The CDC notes that a 150 pound person hiking at a 2 mph pace will burn an average of 240 calories per hour. The same 150 pound person on a treadmill running at 5 mph will burn more calories, according to a calorie counting website. That fact combined with the ease of a gym workout where you need only a bottle of water and maybe a protein energy drink to boost you through the 30 minute sweat fest has you running to the gym thinking the treadmill wins caribiners down, right? Don't count your calories before they're burned, there is more than meets the energy unit here.

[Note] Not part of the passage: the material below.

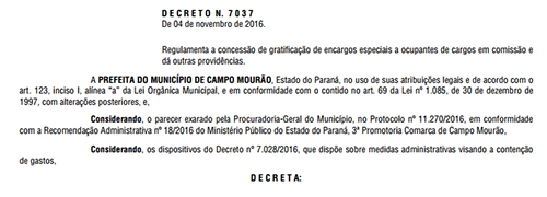 Saiu nesta sexta-feira o decreto que regulamenta as gratificações para cargos em comissão. Ele prevê 100% para os diretores (CC-2) e 80% para chefes de departamentos (CC-3). O decreto foi publicado após recomendação do Ministério Público. Por causa dela, semana passada, a prefeitura tinha cortado todas as gratificações dos comissionados.

As any hiker is well aware, they are not just walking around empty handed. The pack on their back adds to their weight load and increases the amount of calories burned with every step taken. In those packs, there are the obligatory trail snacks that promote good health and maintain the necessary energy while on the trails. Water is essential to prevent dehydration while hiking, but water alone won't do it here like in the gym. The American Hiking Society suggests the body needs proteins, carbohydrates and slow-burning fats to keep it moving like the well-oiled machine it is.
Hiking proves to be more than just a form of exercise-it is a way of life. While it is possible to lose weight, maintain normal muscle strength and reduce blood pressure in the gym as well as on the trail, as the CDC writes, there are benefits to hiking that can't be measured with a scale or that pinchy thing they use for body fat. The CDC further notes that walking has positive effects on moods and can help to lift depression. Sun, fresh air and nature can only add to that benefit. The ever-changing terrain not only offers low-impact muscle training, it also affords more excitement (and LESS carbon output) then pushing the button to increase your treadmill's walking plane.
Hiking the trails is a complete workout for mind, body and all the senses with more benefits than can be measured. So, no need to switch your boots for the newest running shoes, just grab your walking stick-you're already on the right trail.